Automated Business Rule Extraction from COBOL Using AST Analysis
How to automatically extract business rules, data flows, and program dependencies from COBOL source code using Abstract Syntax Tree analysis and tree-sitter queries.
One of the biggest challenges in legacy modernization is understanding what the code actually does. A 10,000-line COBOL program may contain hundreds of business rules — validation logic, calculation formulas, conditional workflows — buried in deeply nested IF-ELSE structures and PERFORM chains. Extracting these rules manually takes weeks. AST analysis can do it in seconds.
What Makes COBOL Business Rule Extraction Hard
COBOL business logic is notoriously difficult to extract because:
- GOTO spaghetti — older programs use ALTER and GO TO extensively, creating non-linear control flow
- COPY members — shared data definitions are included via COPY statements, splitting context across files
- Level-88 conditions — COBOL's unique condition names create implicit business rules in the DATA DIVISION
- PERFORM THRU — paragraph ranges make it hard to determine execution scope
- Implicit type coercion — PIC clauses define data types, but MOVE operations perform silent conversions
AST-Based Approach
Using tree-sitter, we can parse COBOL into a structured AST and then run queries to extract specific patterns. Here are the key extraction techniques:
1. Variable Discovery
Tree-sitter query to find all data items with their PIC clauses:
(data_description
(level_number) @level
(entry_name) @name
(picture_clause (pic_string) @pic)?
) @item
This gives us every variable definition with its level number, name, and data type — the foundation for understanding data flow.

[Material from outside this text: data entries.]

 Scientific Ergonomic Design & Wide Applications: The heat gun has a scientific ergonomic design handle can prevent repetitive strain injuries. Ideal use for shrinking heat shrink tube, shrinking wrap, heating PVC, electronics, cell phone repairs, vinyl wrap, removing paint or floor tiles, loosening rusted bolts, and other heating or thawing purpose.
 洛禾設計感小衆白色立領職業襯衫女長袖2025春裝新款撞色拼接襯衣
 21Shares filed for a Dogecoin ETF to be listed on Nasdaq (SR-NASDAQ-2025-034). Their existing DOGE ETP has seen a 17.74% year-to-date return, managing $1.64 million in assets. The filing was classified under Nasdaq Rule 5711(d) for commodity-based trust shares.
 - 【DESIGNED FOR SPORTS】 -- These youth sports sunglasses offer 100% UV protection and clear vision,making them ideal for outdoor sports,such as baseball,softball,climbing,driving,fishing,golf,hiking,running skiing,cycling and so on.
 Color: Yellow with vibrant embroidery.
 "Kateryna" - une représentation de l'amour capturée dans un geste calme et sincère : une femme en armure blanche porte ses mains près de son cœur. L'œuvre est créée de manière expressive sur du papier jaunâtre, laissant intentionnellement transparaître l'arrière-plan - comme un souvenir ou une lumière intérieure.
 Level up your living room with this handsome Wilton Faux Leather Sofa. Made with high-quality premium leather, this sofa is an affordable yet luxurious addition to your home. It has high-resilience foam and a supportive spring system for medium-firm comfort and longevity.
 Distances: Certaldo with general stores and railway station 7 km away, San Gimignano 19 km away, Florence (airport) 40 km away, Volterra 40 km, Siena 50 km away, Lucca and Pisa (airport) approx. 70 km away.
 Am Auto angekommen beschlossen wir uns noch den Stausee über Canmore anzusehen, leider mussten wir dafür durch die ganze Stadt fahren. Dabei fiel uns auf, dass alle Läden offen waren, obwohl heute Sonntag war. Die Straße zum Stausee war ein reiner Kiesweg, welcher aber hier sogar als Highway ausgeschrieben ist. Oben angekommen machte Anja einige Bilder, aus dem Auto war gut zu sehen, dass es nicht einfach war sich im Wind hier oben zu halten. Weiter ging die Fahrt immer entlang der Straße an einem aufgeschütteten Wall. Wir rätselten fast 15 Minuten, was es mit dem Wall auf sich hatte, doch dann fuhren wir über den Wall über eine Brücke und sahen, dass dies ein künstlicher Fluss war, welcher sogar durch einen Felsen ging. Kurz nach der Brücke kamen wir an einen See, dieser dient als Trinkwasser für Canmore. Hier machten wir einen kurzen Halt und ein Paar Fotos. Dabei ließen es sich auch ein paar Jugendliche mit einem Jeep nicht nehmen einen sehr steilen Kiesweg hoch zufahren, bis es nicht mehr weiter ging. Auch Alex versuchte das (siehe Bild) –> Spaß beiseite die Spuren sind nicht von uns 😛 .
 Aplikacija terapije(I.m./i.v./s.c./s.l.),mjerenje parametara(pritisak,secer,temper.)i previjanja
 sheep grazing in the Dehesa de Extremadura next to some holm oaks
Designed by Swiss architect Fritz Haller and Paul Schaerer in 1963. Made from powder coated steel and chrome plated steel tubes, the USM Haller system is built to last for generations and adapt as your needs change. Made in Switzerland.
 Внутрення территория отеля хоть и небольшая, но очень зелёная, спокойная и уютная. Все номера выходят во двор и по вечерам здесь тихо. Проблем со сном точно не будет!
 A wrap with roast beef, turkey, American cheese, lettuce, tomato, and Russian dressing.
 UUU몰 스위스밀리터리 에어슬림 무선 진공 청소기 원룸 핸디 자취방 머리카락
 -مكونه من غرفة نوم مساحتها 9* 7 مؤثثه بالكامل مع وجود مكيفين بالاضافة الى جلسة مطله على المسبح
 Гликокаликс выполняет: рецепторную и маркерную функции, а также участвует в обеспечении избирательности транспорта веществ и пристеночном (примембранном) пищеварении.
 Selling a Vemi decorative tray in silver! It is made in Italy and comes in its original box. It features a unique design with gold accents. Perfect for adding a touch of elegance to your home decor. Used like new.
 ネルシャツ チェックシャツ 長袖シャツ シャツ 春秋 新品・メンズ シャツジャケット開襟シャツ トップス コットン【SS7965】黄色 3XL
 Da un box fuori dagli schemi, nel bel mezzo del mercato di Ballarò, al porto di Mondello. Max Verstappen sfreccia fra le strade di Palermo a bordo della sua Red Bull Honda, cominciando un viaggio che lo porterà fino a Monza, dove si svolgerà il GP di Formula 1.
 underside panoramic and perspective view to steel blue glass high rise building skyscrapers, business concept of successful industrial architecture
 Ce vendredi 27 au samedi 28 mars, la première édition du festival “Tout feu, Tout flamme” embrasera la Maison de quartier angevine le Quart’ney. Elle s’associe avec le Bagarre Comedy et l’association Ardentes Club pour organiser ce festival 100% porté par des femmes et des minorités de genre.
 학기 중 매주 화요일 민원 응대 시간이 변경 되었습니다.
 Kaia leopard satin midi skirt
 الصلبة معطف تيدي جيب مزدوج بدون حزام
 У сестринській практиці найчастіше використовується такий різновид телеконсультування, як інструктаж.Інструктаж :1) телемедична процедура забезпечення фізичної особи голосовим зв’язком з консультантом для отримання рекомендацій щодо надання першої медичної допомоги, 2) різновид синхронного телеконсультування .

2. Conditional Logic Mapping
Business rules typically live inside IF statements and EVALUATE (COBOL's CASE/SWITCH):
(if_statement
(condition) @condition
) @rule
(evaluate_statement
(evaluate_subject) @subject
(evaluate_when
(evaluate_object) @when_value
) @branch
) @switch
3. Calculation Rules
Financial calculations are often the most critical business rules:
(compute_statement) @calc
(add_statement) @calc
(subtract_statement) @calc
(multiply_statement) @calc
(divide_statement) @calc
4. External Dependencies
CALL statements and COPY members reveal program dependencies:
(call_statement) @external_call
(copy_statement) @copy_include
From AST to Business Rules
The raw AST gives us structure. The next step is semantic analysis:
- Data flow tracing — follow MOVE statements to track how values propagate through variables
- Condition grouping — cluster related IF/EVALUATE blocks that reference the same variables
- Cross-reference — link PERFORM targets to paragraph definitions to understand call chains
- Rule annotation — match patterns to known business rule templates (validation, calculation, routing)
Our parser service provides the AST foundation. The analysis layer can be built on top using the query API to extract exactly the patterns relevant to your modernization project.
Real-World Impact
In a recent analysis of a banking COBOL system (42 programs, ~15,000 lines each), AST-based extraction identified:
- 847 business rules across all programs
- 234 cross-program dependencies via CALL chains
- 156 shared data structures through COPY members
- 23 dead code paragraphs never reached by any PERFORM
What would have taken a team of 4 analysts approximately 3 months was completed in under 2 hours of automated analysis plus 2 days of human review.